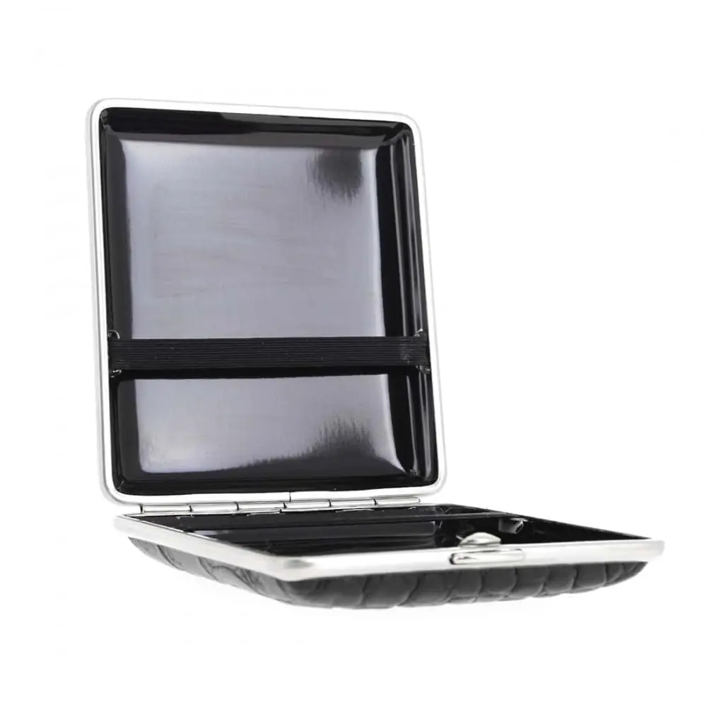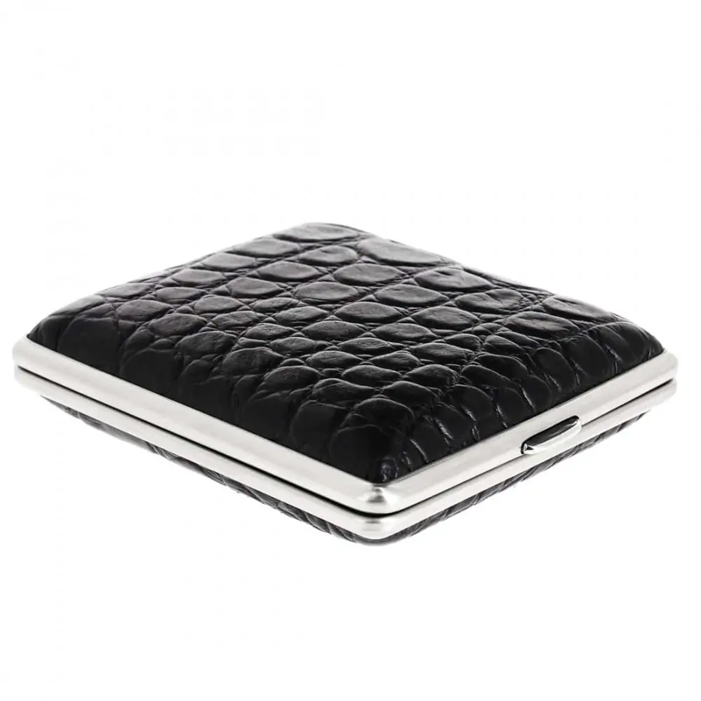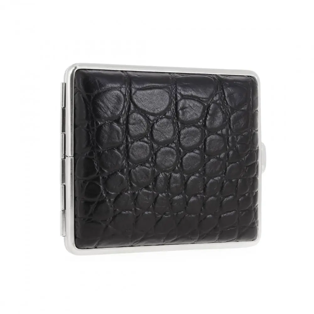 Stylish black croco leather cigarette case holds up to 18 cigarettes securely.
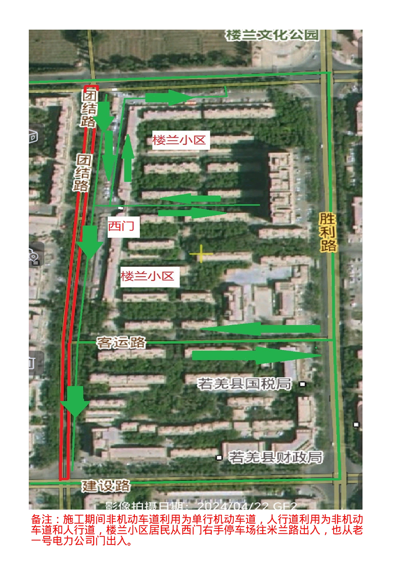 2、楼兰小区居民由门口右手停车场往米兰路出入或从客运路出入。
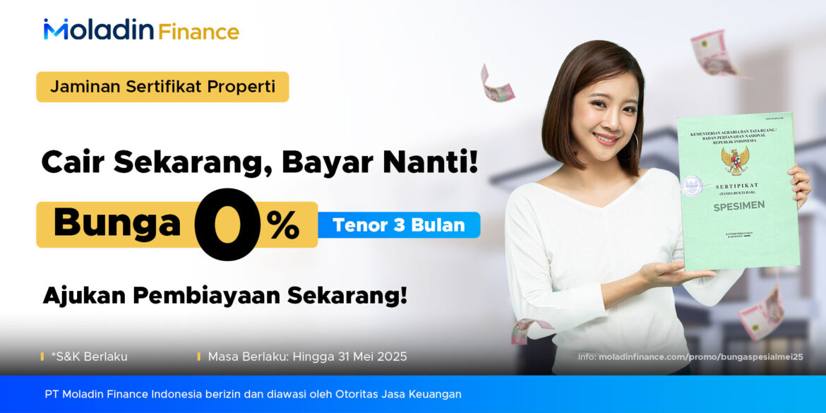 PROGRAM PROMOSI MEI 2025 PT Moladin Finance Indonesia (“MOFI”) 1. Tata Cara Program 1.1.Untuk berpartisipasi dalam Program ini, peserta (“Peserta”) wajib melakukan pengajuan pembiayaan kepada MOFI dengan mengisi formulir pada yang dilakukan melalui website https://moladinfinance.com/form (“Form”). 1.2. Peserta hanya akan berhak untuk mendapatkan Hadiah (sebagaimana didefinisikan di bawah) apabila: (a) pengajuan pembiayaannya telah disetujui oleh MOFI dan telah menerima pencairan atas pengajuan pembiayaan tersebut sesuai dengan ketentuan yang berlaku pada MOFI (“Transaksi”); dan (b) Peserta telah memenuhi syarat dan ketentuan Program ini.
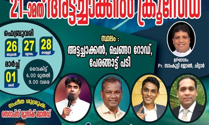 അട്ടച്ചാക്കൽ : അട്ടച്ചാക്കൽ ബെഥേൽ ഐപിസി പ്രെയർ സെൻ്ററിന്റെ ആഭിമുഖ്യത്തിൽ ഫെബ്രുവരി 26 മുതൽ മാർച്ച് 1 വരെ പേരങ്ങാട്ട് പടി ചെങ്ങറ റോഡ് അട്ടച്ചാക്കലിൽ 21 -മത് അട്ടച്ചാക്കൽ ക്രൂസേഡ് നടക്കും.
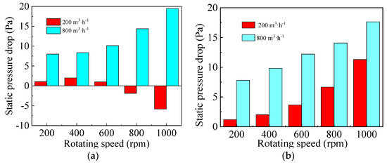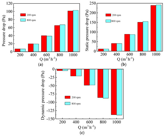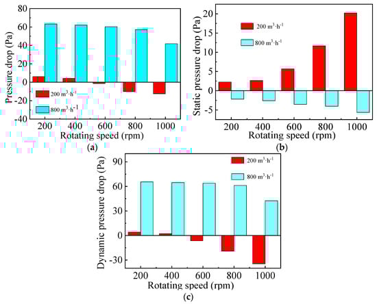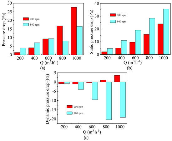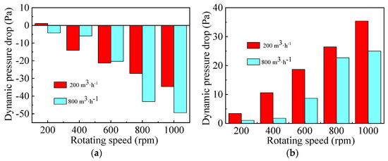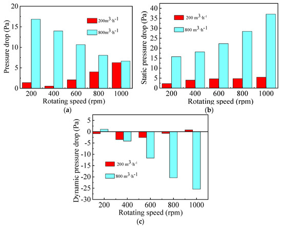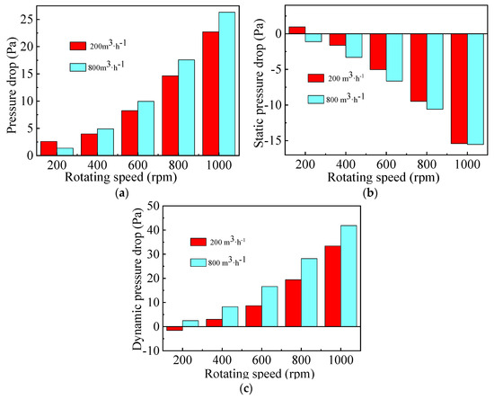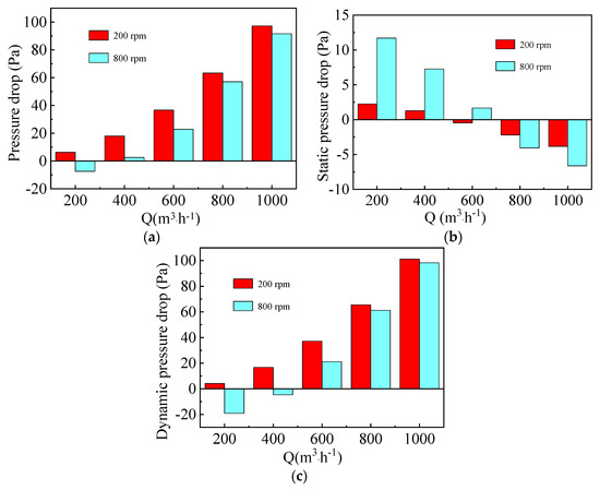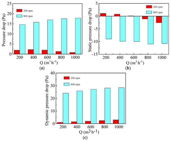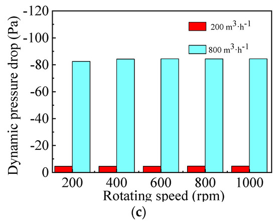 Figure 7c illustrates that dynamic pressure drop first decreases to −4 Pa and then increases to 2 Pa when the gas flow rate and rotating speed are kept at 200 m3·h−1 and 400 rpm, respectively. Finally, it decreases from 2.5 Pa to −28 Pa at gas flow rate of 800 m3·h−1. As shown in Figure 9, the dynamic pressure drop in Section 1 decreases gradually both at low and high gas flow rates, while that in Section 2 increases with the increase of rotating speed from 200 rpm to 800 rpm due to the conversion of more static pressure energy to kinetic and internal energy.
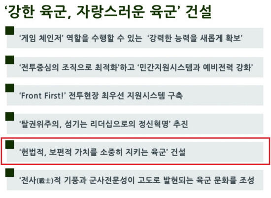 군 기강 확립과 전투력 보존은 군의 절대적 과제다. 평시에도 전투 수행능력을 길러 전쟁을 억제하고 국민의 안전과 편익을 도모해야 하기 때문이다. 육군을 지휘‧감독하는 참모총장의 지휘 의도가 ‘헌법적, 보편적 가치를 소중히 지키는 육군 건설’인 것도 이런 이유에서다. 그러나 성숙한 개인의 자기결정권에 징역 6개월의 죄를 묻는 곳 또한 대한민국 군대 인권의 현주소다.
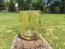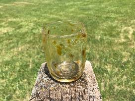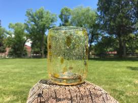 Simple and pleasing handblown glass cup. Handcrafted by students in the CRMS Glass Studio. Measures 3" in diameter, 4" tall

------------------------------------------------

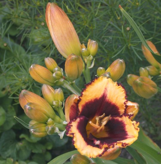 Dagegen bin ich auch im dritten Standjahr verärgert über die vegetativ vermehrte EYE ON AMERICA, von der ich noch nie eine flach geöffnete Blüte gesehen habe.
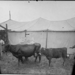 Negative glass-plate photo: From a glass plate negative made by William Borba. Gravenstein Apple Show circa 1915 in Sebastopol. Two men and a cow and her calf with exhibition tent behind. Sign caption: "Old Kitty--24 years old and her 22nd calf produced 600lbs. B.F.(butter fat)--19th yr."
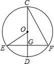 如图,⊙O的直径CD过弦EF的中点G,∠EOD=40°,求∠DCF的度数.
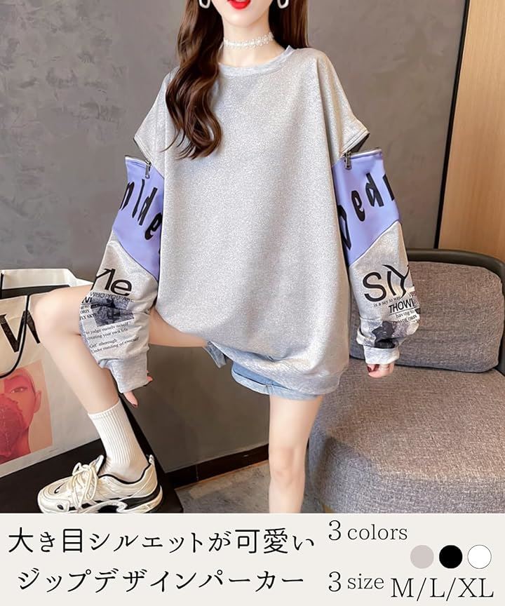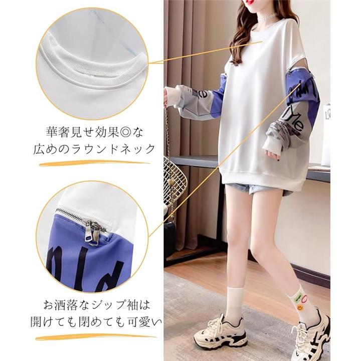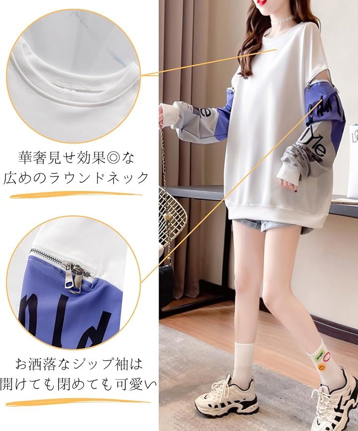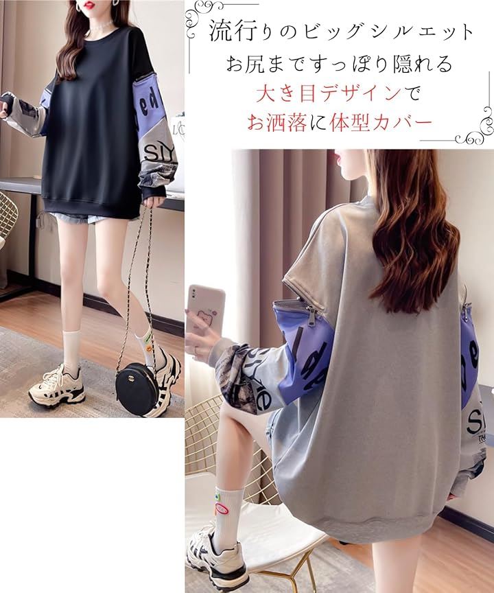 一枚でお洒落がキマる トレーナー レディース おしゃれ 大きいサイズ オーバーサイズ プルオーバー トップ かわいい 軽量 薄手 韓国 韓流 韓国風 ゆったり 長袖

------------------------------------------------

= Exercise directions =
Using the records above, repeat exactly the run of lines that starts with the line with "Stylish black croco" and goes on through the line with "PROGRAM PROMOSI MEI"; omit each picture.

= Expected answer =
 Stylish black croco leather cigarette case holds up to 18 cigarettes securely.
 2、楼兰小区居民由门口右手停车场往米兰路出入或从客运路出入。
 PROGRAM PROMOSI MEI 2025 PT Moladin Finance Indonesia (“MOFI”) 1. Tata Cara Program 1.1.Untuk berpartisipasi dalam Program ini, peserta (“Peserta”) wajib melakukan pengajuan pembiayaan kepada MOFI dengan mengisi formulir pada yang dilakukan melalui website https://moladinfinance.com/form (“Form”). 1.2. Peserta hanya akan berhak untuk mendapatkan Hadiah (sebagaimana didefinisikan di bawah) apabila: (a) pengajuan pembiayaannya telah disetujui oleh MOFI dan telah menerima pencairan atas pengajuan pembiayaan tersebut sesuai dengan ketentuan yang berlaku pada MOFI (“Transaksi”); dan (b) Peserta telah memenuhi syarat dan ketentuan Program ini.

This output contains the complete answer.